ASSIGNED TASK: All pictures should be dropped, and only the lines from the top of the entries below through the line containing "Bagnet niemiecki do" repeated exactly, both ends included.

MATERIAL PROVIDED:

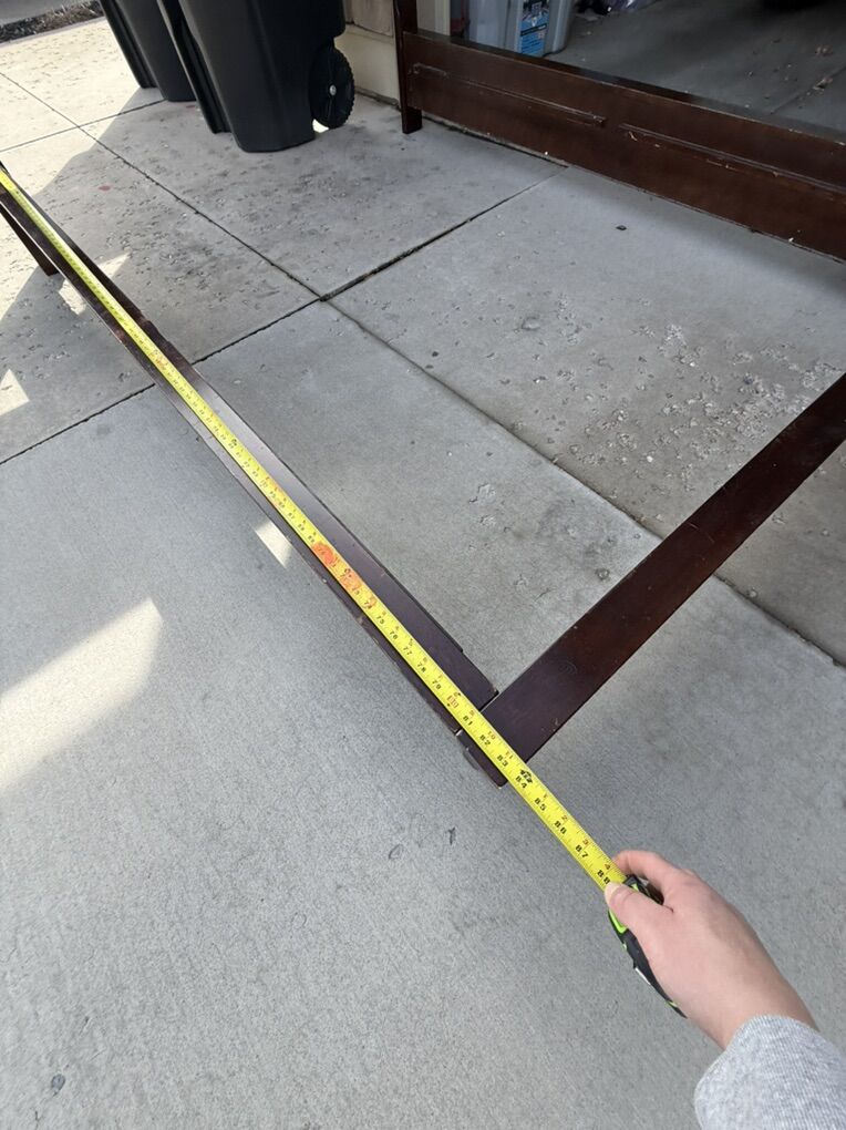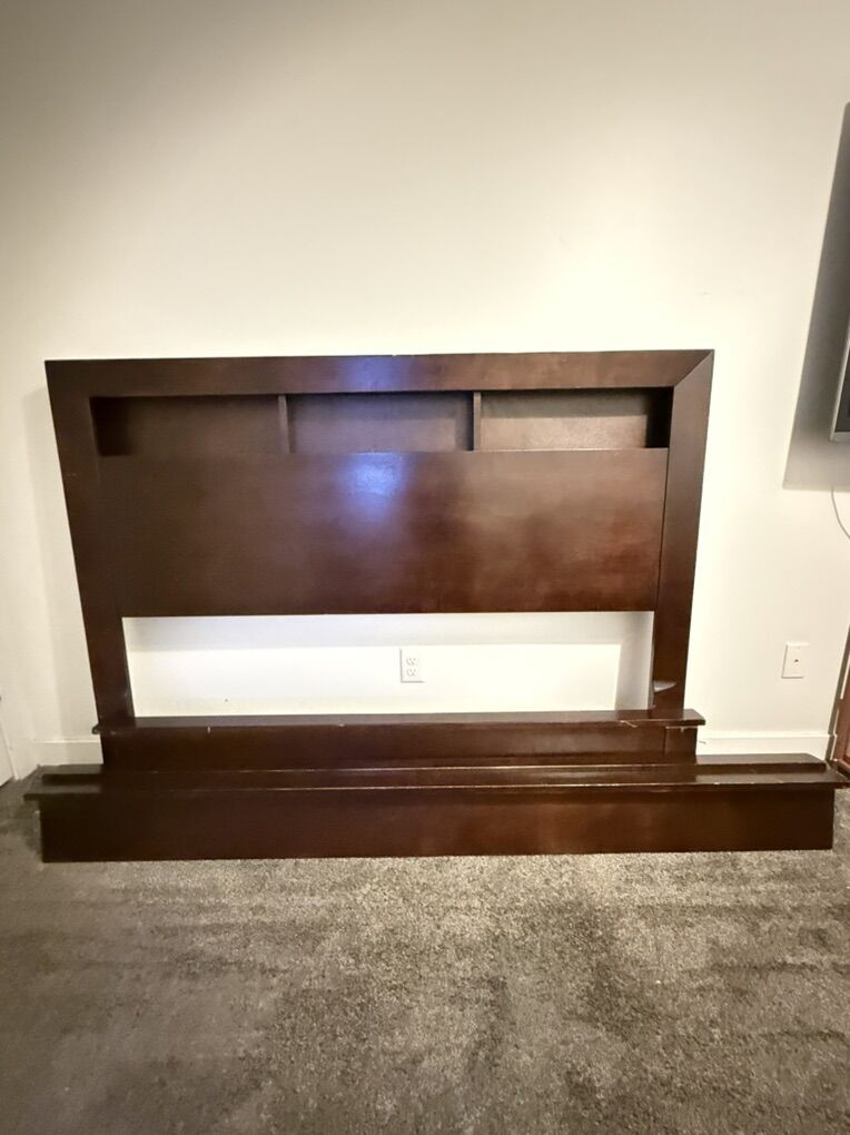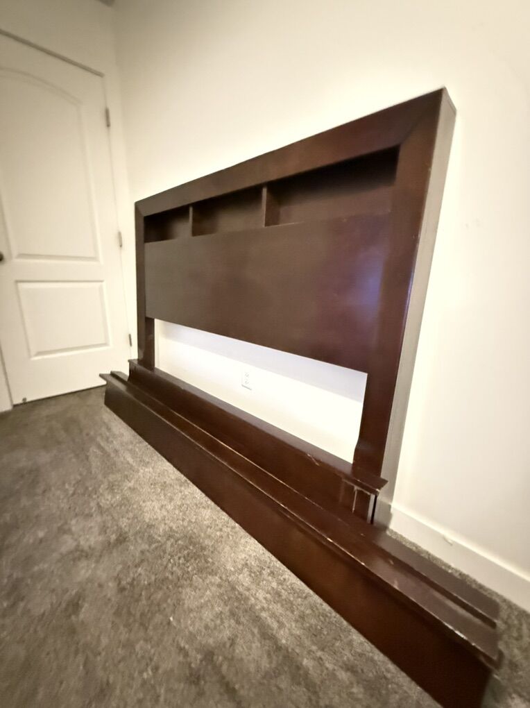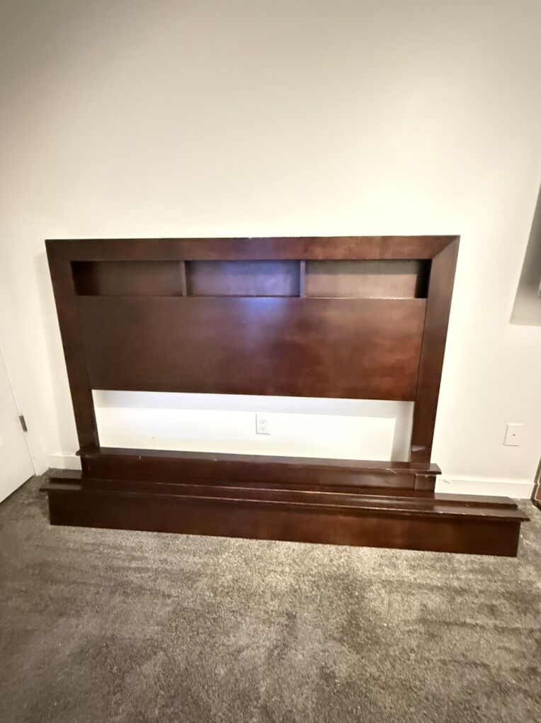 VenmoWooden bed frame. Head board, foot board, and two side panels. Takes 15 seconds to set up. Very strong frame and looks great! Asking Price: $80 OBO
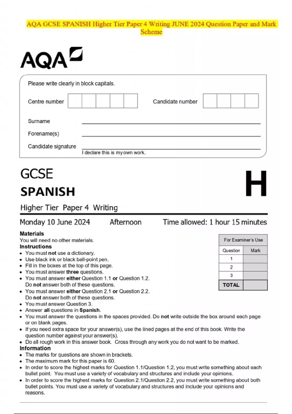 AQA GCSE SPANISH Higher Tier Paper 4 Writing JUNE 2024 Question Paper and Mark Scheme
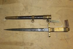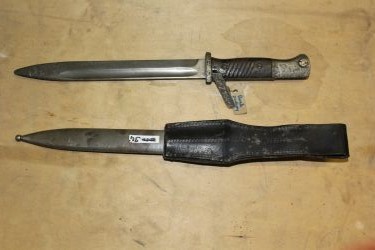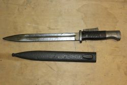 Bagnet niemiecki do karabinu systemu Mauser wz. 84/98/34. Głownia stalowa, jednosieczna, o jednym zbroczu. Głowica i jelec stalowe, okładki moletowane, bakelitowe. Pochwa stalowa, żabka skórzana, szyta i nitowana. |
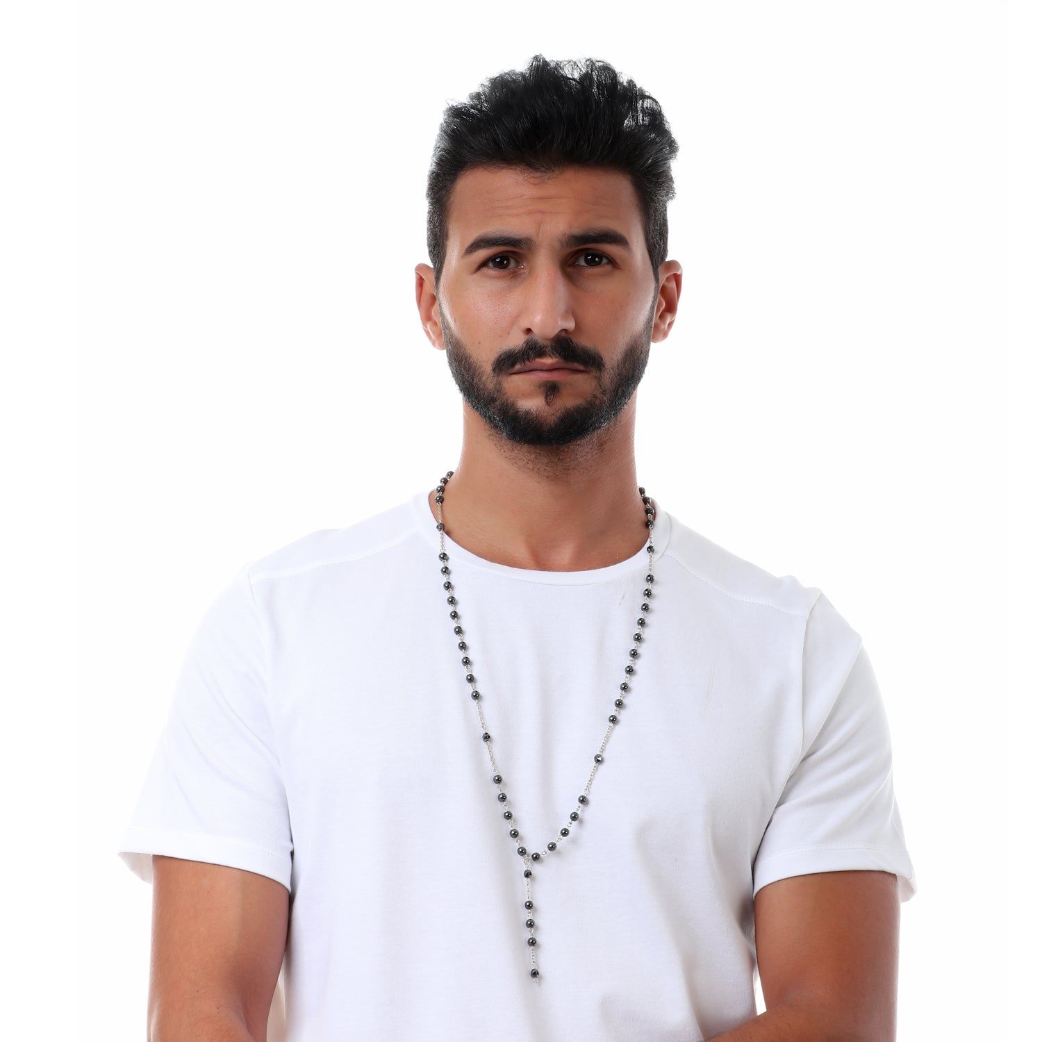 Complete your outfit with our Hematite Necklace V (6mm). Handcrafted in The Egyption by professional artisans with the best Nature has to offer and with 925 Sterling Silver.What if your Necklace became a piece of art that adorns Your neck ?We offer you this wonderful Necklace that you can wear all the time, accompany you in your day, inspire you and remind you of what is important, and add an aesthetic touch to your daily look.This piece of art is carved from natural Hematite stone, carefully arranged, and assembled with a very strong thread that we guarantee for life.Our artists designed this Necklace to be easily worn.
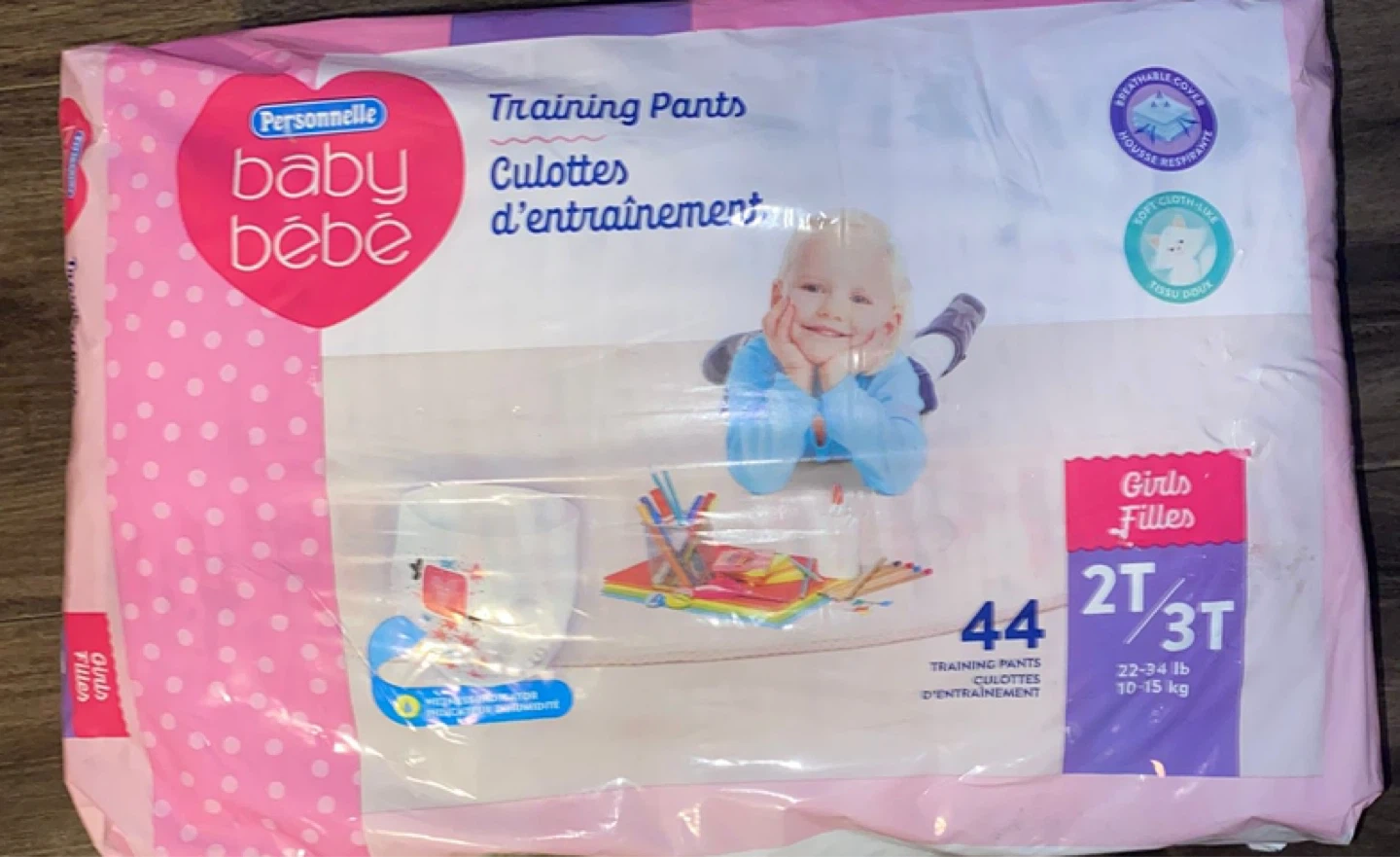 Personnelle Baby training pants in size 2T/3T. This package contains 44 training pants. They have a soft, cloth-like feel and a breathable cover.
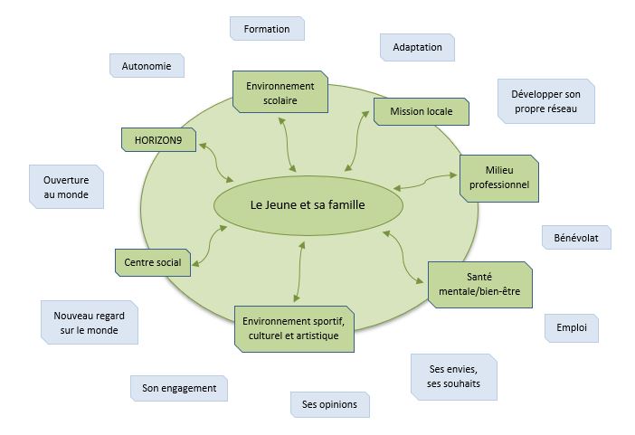 - Mobiliser le.la jeune et sa famille par une dynamique positive vers sa réintégration au sein d’un établissement scolaire ou d’insertion professionnelle.
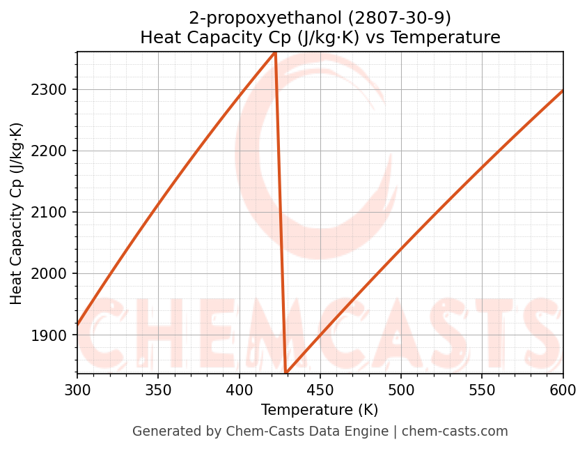 - Specific heat capacity (Cp) indicates the amount of energy required to raise the temperature of 2-propoxyethanol and is critical for energy balance and heat-exchanger design.

SOLUTION TO THIS TASK:
 VenmoWooden bed frame. Head board, foot board, and two side panels. Takes 15 seconds to set up. Very strong frame and looks great! Asking Price: $80 OBO
 AQA GCSE SPANISH Higher Tier Paper 4 Writing JUNE 2024 Question Paper and Mark Scheme
 Bagnet niemiecki do karabinu systemu Mauser wz. 84/98/34. Głownia stalowa, jednosieczna, o jednym zbroczu. Głowica i jelec stalowe, okładki moletowane, bakelitowe. Pochwa stalowa, żabka skórzana, szyta i nitowana. |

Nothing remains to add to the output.